Data science is a "concept to unify statistics, data analysis, informatics, and their related methods" to "understand and analyze actual phenomena" with data. It uses techniques and theories drawn from many fields within the context of mathematics, statistics, computer science, information science, and domain knowledge. However, data science is different from computer science and information science. Turing Award winner Jim Gray imagined data science as a "fourth paradigm" of science (empirical, theoretical, computational, and now data-driven) and asserted that "everything about science is changing because of the impact of information technology" and the data deluge.

A data scientist is a professional who creates programming code and combines it with statistical knowledge to create insights from data.

A list of fields and subfields related to Data Science

1. Data analysis

2. Data engineering

3. Machine learning

4. Business intelligence

5. Statistics

6. Business analytics

7. Software development

8. Data mining

9. Natural language processing

10. Computer vision

11. Data storytelling

12. Product Management

13. Artificial intelligence

14. Data modeling

Some Roles That Require Task Related Guidance And Training:

1. Data architect

2. Database Administrator

3. System Administrator

1. Data analysis

Data analysis is the process of inspecting, cleansing, transforming, and modeling data with the goal of discovering useful information, informing conclusions, and supporting decision-making.
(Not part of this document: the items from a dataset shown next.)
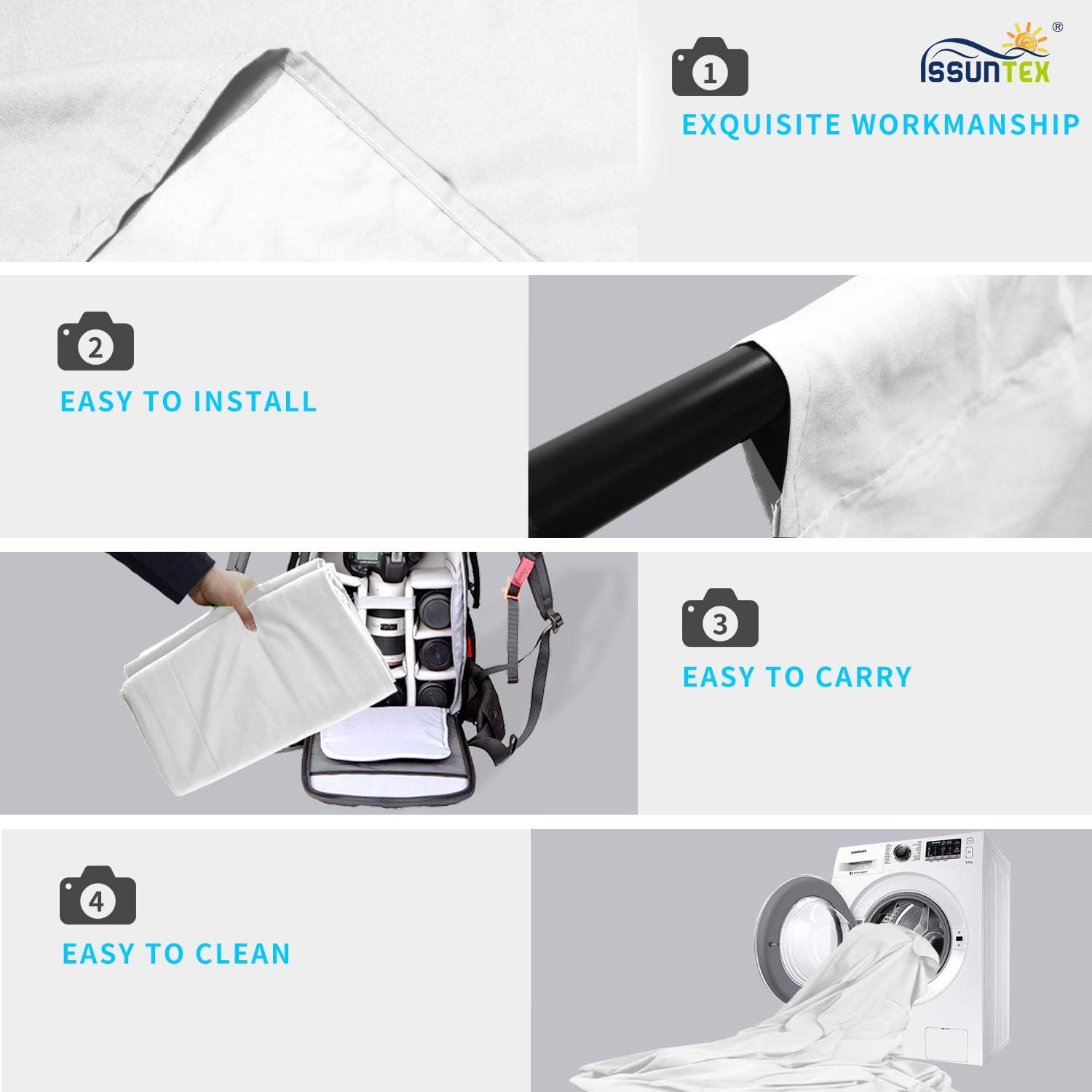 ISSUNTEX 10X12 ft Background Muslin Backdrop, Photo Studio, Collapsible High Density Screen for Video Photography and Television-White
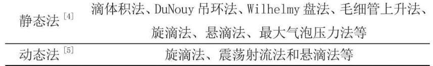 液體表面張力可以通過儀器測定,目前測定方法大體上分為動態(tài)法和靜態(tài)法。這兩大類方法下面由于細分,具體分類如表1。
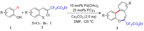 总之,我们开发了一种钯催化的串联C-O键形成和C-H键芳基化反应。在Pd(OAc)2、PCy3和Cs2CO3的作用下,不同取代基的苯酚与1-溴-2-(2-氯乙烯基)芳烃进行环化,以中等至良好的产率得到6-三氟甲基二苯并[b,d]氧杂䓬和二苯并[b,d]氧杂䓬-6-甲酸乙酯,具有广泛的底物范围和良好的官能团耐受性。黑料社
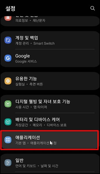 홈버튼을 누를 때 실행되는 것을 중지하기 위해 설정 화면에서 [애플리케이션]을 선택합니다.
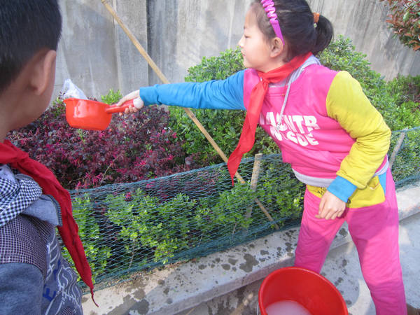孩子们正在用食堂洗菜淘米水浇灌树苗
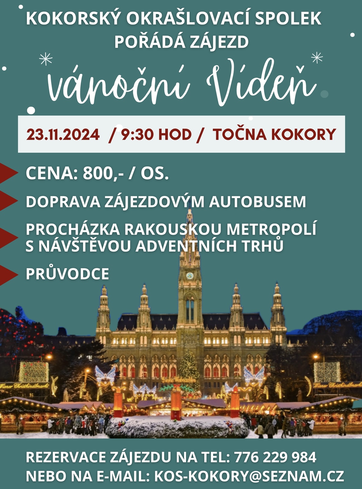 Kokorský okrašlovací spolek pořádá zájezd VÁNOČNÍ VÍDEŇ v sobotu 23. listopadu 2024, doprava zájezdovým autobusem - odjezd v 9:30 hodin, točna Kokory. Cena 800 Kč/os.
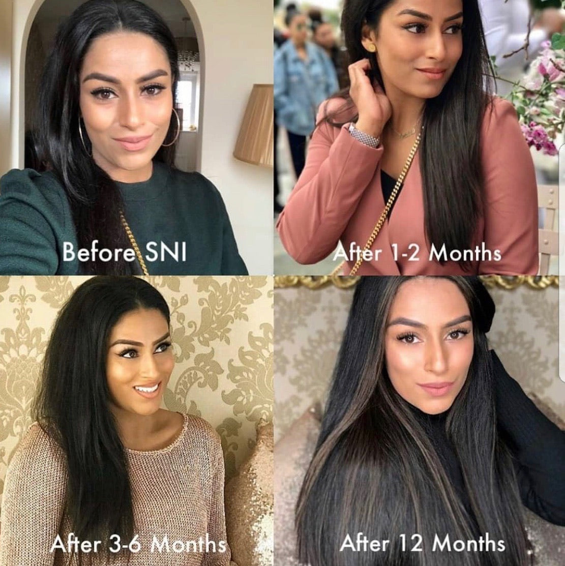 Lightweight, ultra-penetrative SNI Natural Hair Growth Oil works wonders on your hair, reaching three layers deep into the hair shaft, making it super absorbent and healing.
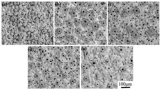 Figure 1 displays the surface morphology of MAO coatings at different KMnO4 concentrations. Obviously, all coatings exhibited typical porous structures with many micro pores on the surface, which are thought to be formed by the residues of the discharge in the MAO process [12,13]. However, there are great differences among their surface morphologies, as shown in Figure 1. It can be seen that there are many foam-like protrusions on the surface of the coating without the addition of KMnO4, while other surfaces are very smooth and compact [12]. The surface roughness of the MAO coatings was determined by their surface microstructures, especially the foam-like protrusions. The producing of foam-like protrusions caused by the electro deposition of silicate played the leading function in the MAO process [12]. The addition of KMnO4 inhibited the sintering reaction of silicate on the substrate surface, which resulted in the reduction of surface roughness by reducing the amount of silicate deposition. However, the surface roughness of the MAO coatings increased, subsequently, with the continued addition of KMnO4, which was due to the increase of film thickness. Some large discharge holes, and quite a lot of small discharge holes, were distributed on the surface of MAO coatings; their diameter exhibits huge differences, and the number of small discharge holes is much greater than that of the large ones for the same MAO coating. The diameter of the large holes showed no significant differences for the different coatings, which was ascribed to the two-step constant-pressure control method of oxidation. When the voltage was decreased, the current density and the oxidation also dropped, leading to the original discharge hole becoming smaller. The oxidation process was mainly caused by small discharge holes, which was beneficial to improving the density of the micro-arc oxidation film layer.
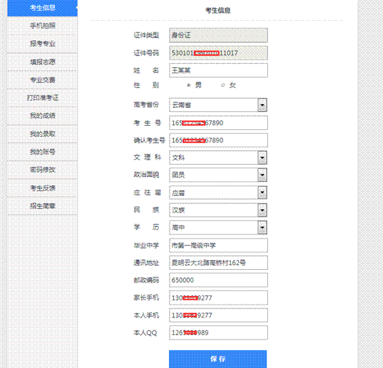 登錄成功后,系統(tǒng)會(huì)自動(dòng)轉(zhuǎn)到基本信息填寫界面,考生需要如實(shí)填寫自己的基本信息,填寫完畢后保存信息。如下圖所示:

Data analysis has multiple facets and approaches, encompassing diverse techniques under a variety of names, and is used in different business, science, and social science domains. In today's business world, data analysis plays a role in making decisions more scientific and helping businesses operate more effectively.

Data mining is a particular data analysis technique that focuses on statistical modeling and knowledge discovery for predictive rather than purely descriptive purposes, while business intelligence covers data analysis that relies heavily on aggregation, focusing mainly on business information.

In statistical applications, data analysis can be divided into descriptive statistics, exploratory data analysis (EDA), and confirmatory data analysis (CDA). EDA focuses on discovering new features in the data while CDA focuses on confirming or falsifying existing hypotheses. Predictive analytics focuses on the application of statistical models for predictive forecasting or classification, while text analytics applies statistical, linguistic, and structural techniques to extract and classify information from textual sources, a species of unstructured data. All of the above are varieties of data analysis.

Data integration is a precursor to data analysis, and data analysis is closely linked to data visualization and data dissemination.

2. Data engineering

Data engineering refers to the building of systems to enable the collection and usage of data. This data is usually used to enable subsequent analysis and data science; which often involves machine learning. Making the data usable usually involves substantial compute and storage, as well as data processing.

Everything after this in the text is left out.